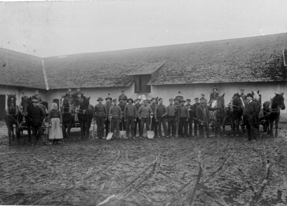 Bäckabo kalkbruk under Edvard Bergströms tid. Edvard Bergström längst till höger, sonen Ernst ? längst till vänster vid hästarna. Kvinnan kallades "Lova". Mannen med spaden (framför vita hästhuvudet) var kalkarbetare Ask, som bodde bortom Ranten (i "mossen"). För övrigt både jordbruksarbetare och kalkarbetare.
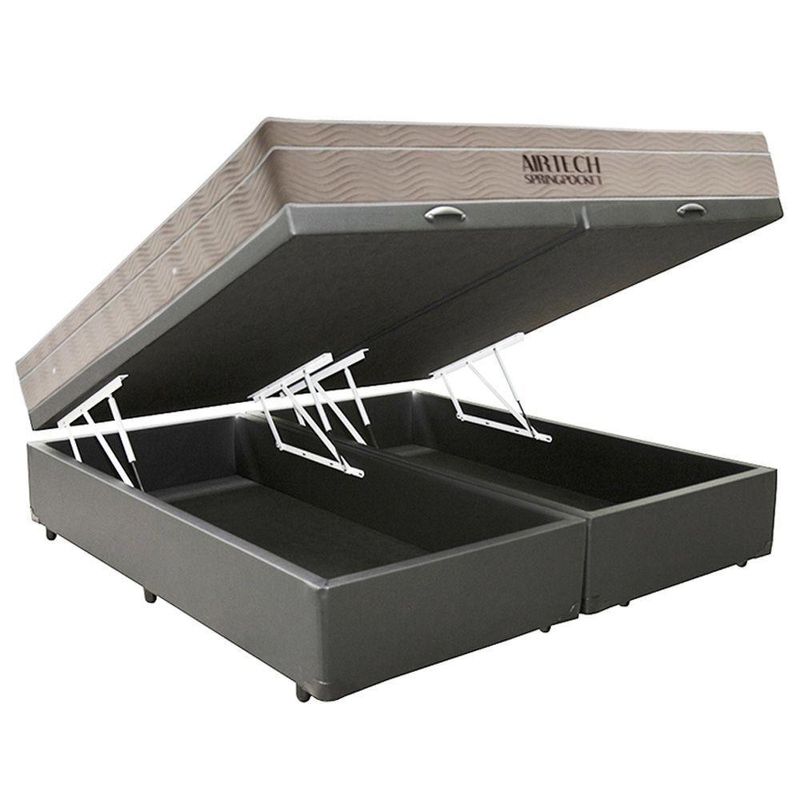 Cama Box Baú King Sintético Bipartido + Colchão Ortobom Airtech Molas Ensacadas 193x203x65 Cor:cinza
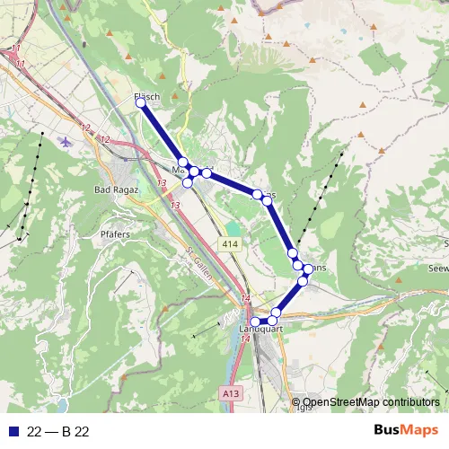 The first stop of the 22 bus route is Fläsch, Dorf and the last stop is Landquart, Bahnhof. 22 (B 22) is operational during täglich.
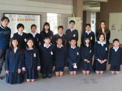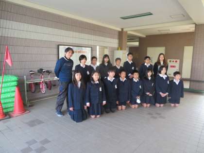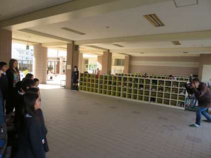 卒業アルバム用の後期代表委員会児童の写真撮影をピロティの児童会掲示板前で行っていました。
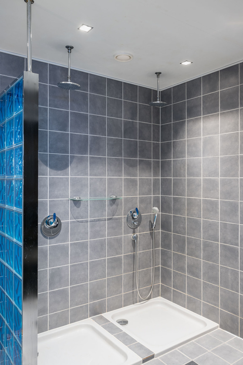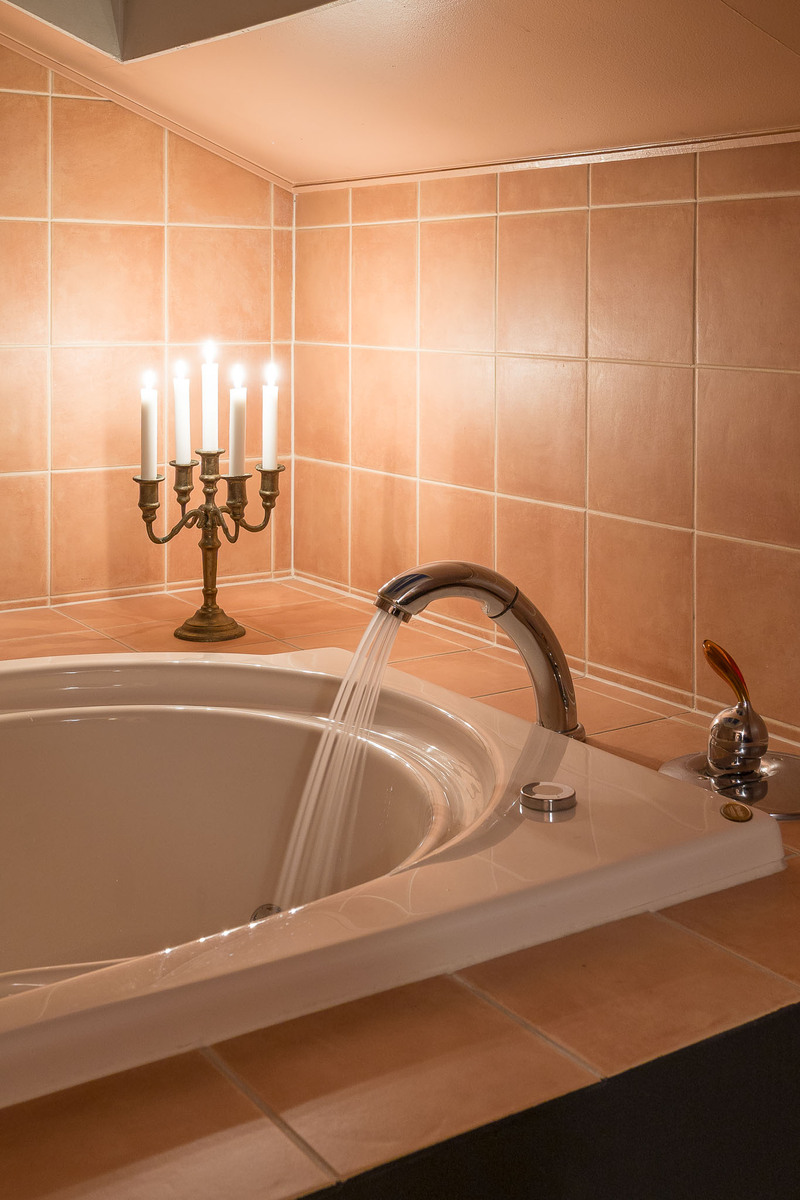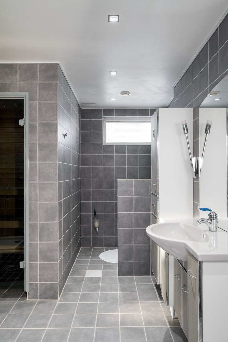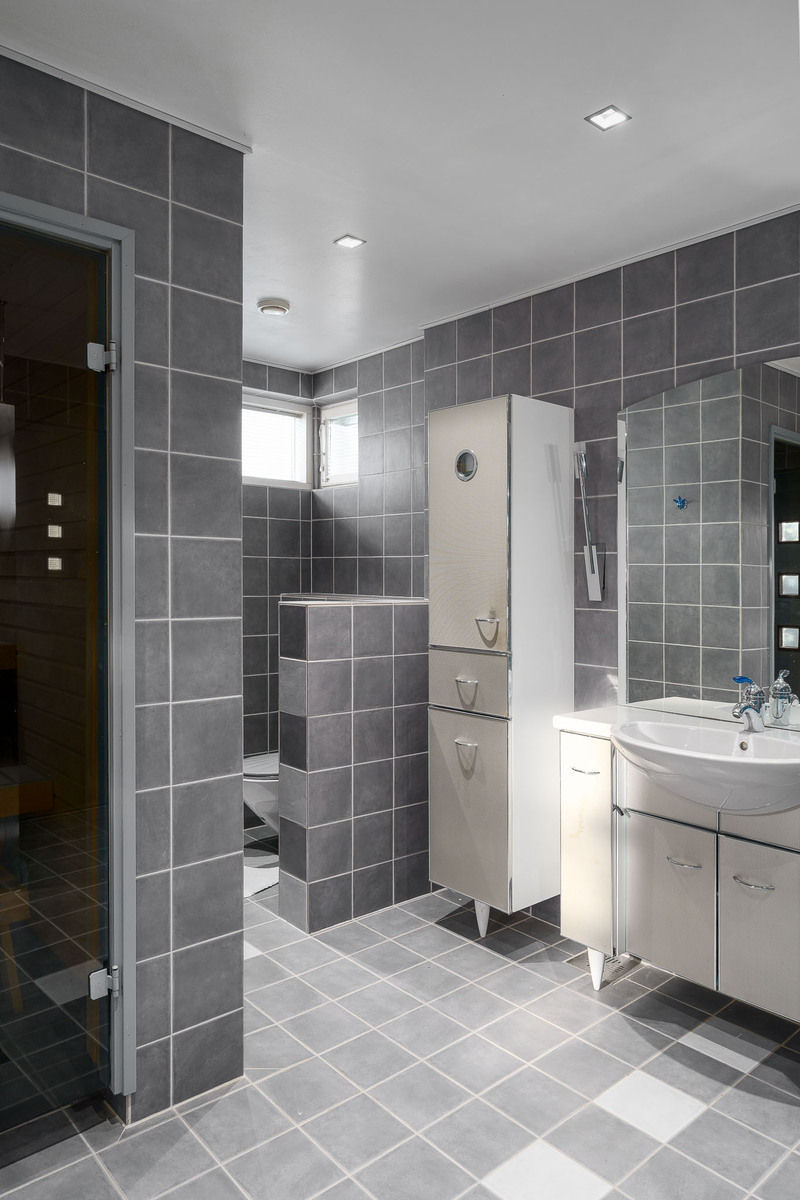 Alakerran kylpyhuoneessa laattalattia ja seinät kaakeloitu. Kylpyhuoneessa on allaskaapisto, peili, kaksi sadesuihkua sekä wc-istuin. Kylpyhuoneen yhteydessä ikkunallinen sauna sekä käynti suuremmalle lasitettulle terassille. Yläkerrassa päämakuuhuoneen yhteydessä toinen kylpyhuone, jossa lattia laattaa ja seinät kaakeloitu. Kylpyhuoneessa on wc-istuin, bidee-suihku, suihkusyvennys, allaskaapisto, peili sekä poreamme. |
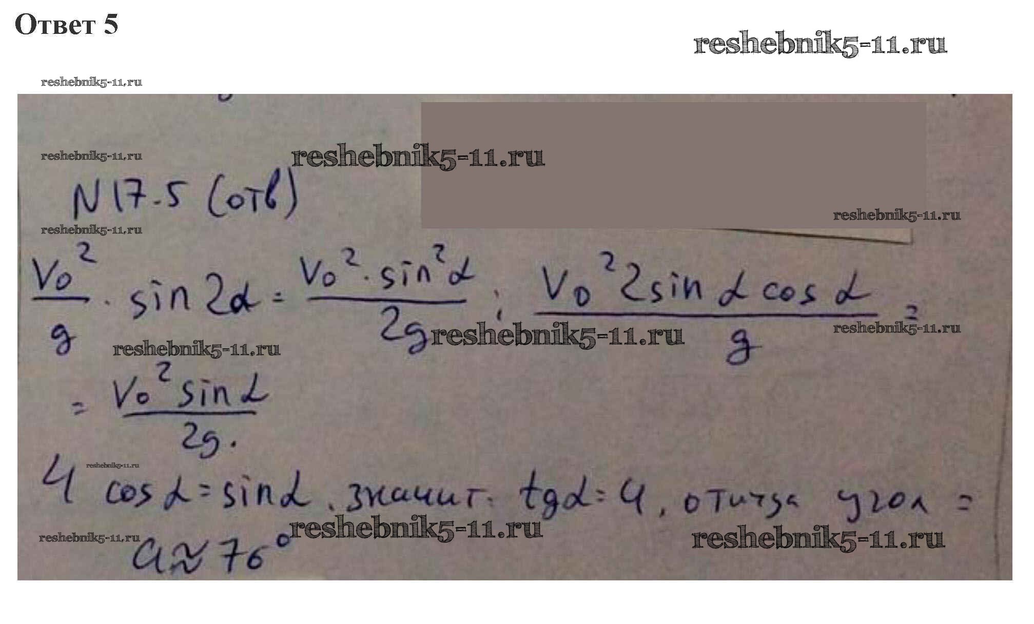 Готовая домашняя работа с ответами по Физике за 10 класс Касьянов Учебник Дрофа 2018 ФГОС - 17. Баллистическое движение 5
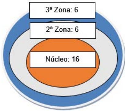 Adotando os preceditos da lei da dispersão do conheimento@científico,formulada por Bradford (1934)4 estabelecemos tres zonas (um nucleo central e das zonas periféricas), definindo o numero de artigos de cada zona a partir do calculo de um terme (9,3) do universo dos artigos mapeados (28) para cada uma, conforme aparemos na figura 2 que exibe o "core" da producao acerca do tema pesquisado. Organizamos os periodicos em ordem decrescente de produtividade e os distribuimos[^5].
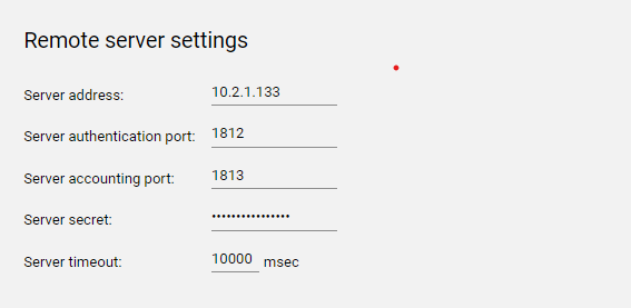 - Set the Server timeout for connection timeout to the RADIUS server.
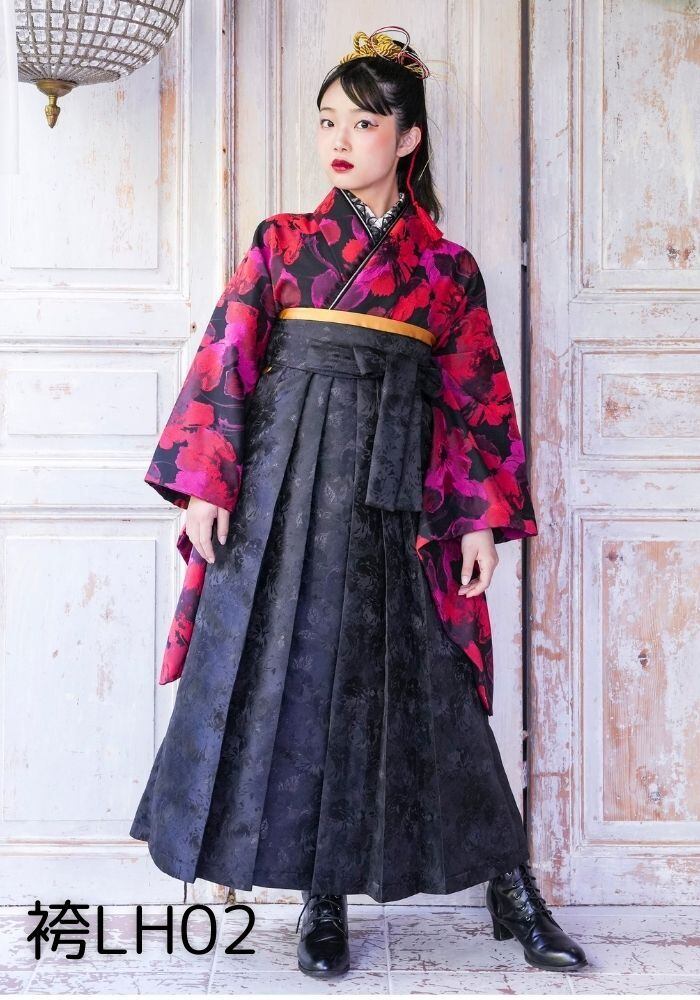レンタル 卒業袴 ブラック レッドフラワー 【LHK13】

_ _ _ _ _ _ _

In the records above, find the line with "Alakerran kylpyhuoneessa laattalattia" and copy from it through the last line exactly, without the pictures.

**Answer for the task:**
 Alakerran kylpyhuoneessa laattalattia ja seinät kaakeloitu. Kylpyhuoneessa on allaskaapisto, peili, kaksi sadesuihkua sekä wc-istuin. Kylpyhuoneen yhteydessä ikkunallinen sauna sekä käynti suuremmalle lasitettulle terassille. Yläkerrassa päämakuuhuoneen yhteydessä toinen kylpyhuone, jossa lattia laattaa ja seinät kaakeloitu. Kylpyhuoneessa on wc-istuin, bidee-suihku, suihkusyvennys, allaskaapisto, peili sekä poreamme. |
 Готовая домашняя работа с ответами по Физике за 10 класс Касьянов Учебник Дрофа 2018 ФГОС - 17. Баллистическое движение 5
 Adotando os preceditos da lei da dispersão do conheimento@científico,formulada por Bradford (1934)4 estabelecemos tres zonas (um nucleo central e das zonas periféricas), definindo o numero de artigos de cada zona a partir do calculo de um terme (9,3) do universo dos artigos mapeados (28) para cada uma, conforme aparemos na figura 2 que exibe o "core" da producao acerca do tema pesquisado. Organizamos os periodicos em ordem decrescente de produtividade e os distribuimos[^5].
 - Set the Server timeout for connection timeout to the RADIUS server.
レンタル 卒業袴 ブラック レッドフラワー 【LHK13】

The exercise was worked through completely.